• Activity
The answer must be only the lines below from the one holding "Elegant V-neck sweater" down to the one holding "Lettera di Ginevra", ends included, printed exactly; please omit all pictures.

• Data for this task
>>>>>
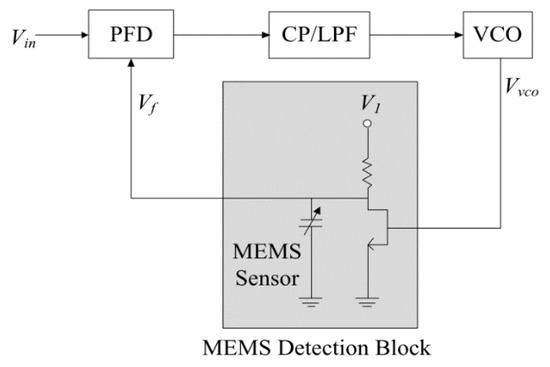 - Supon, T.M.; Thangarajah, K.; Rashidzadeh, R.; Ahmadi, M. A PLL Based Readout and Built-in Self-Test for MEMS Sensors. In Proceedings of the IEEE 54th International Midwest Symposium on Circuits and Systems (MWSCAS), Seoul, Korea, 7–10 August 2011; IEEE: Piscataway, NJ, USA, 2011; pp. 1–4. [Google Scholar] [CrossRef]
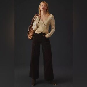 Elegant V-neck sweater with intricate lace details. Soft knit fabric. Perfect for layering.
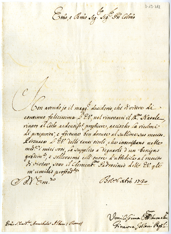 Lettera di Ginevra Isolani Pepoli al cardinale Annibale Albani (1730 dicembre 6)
<<<<<
>>>>>
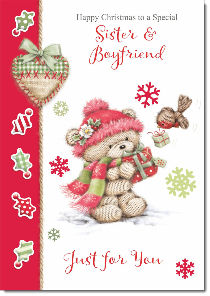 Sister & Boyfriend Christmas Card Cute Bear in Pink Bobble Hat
<<<<<
>>>>>
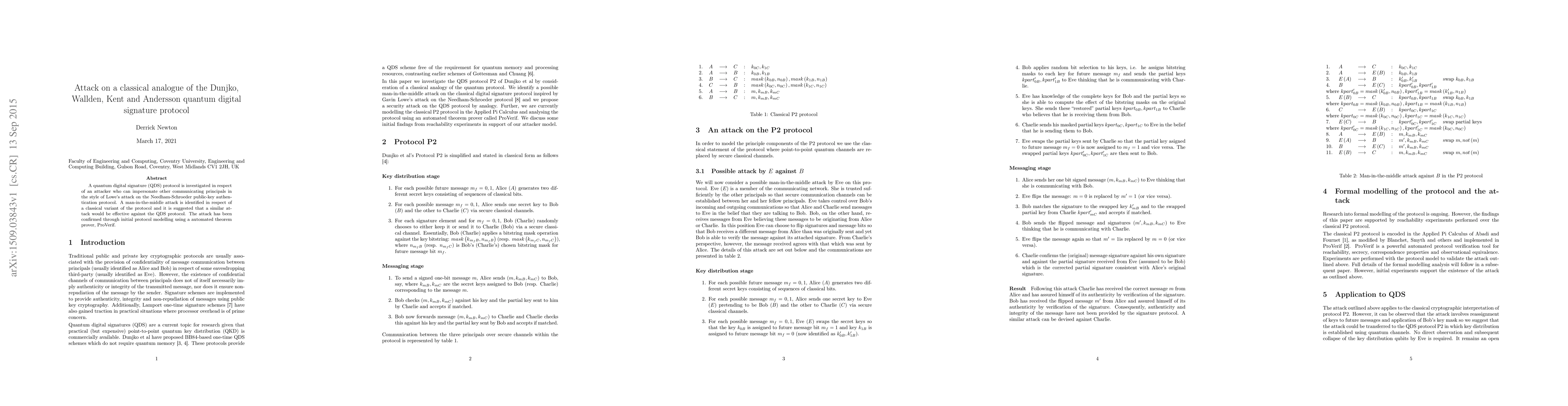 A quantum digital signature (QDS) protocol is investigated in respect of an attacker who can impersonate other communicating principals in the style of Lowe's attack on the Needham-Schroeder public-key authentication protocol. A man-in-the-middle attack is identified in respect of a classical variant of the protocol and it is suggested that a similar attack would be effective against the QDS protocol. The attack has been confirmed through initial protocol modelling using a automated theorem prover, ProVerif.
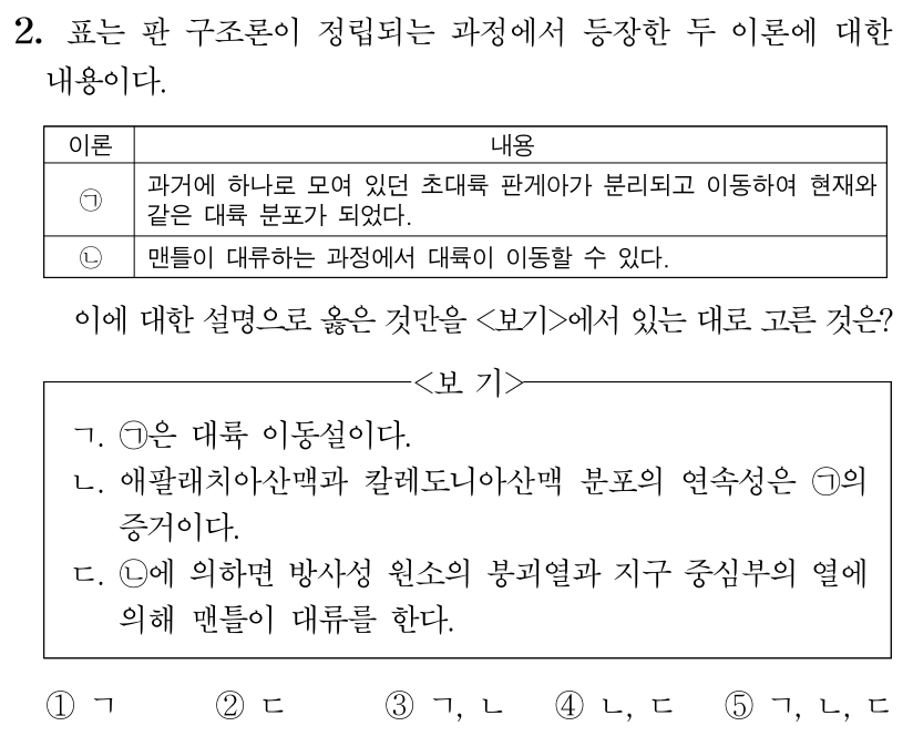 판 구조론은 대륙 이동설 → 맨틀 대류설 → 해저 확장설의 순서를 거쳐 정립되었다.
<<<<<
• Result for this exercise
 Elegant V-neck sweater with intricate lace details. Soft knit fabric. Perfect for layering.
 Lettera di Ginevra Isolani Pepoli al cardinale Annibale Albani (1730 dicembre 6)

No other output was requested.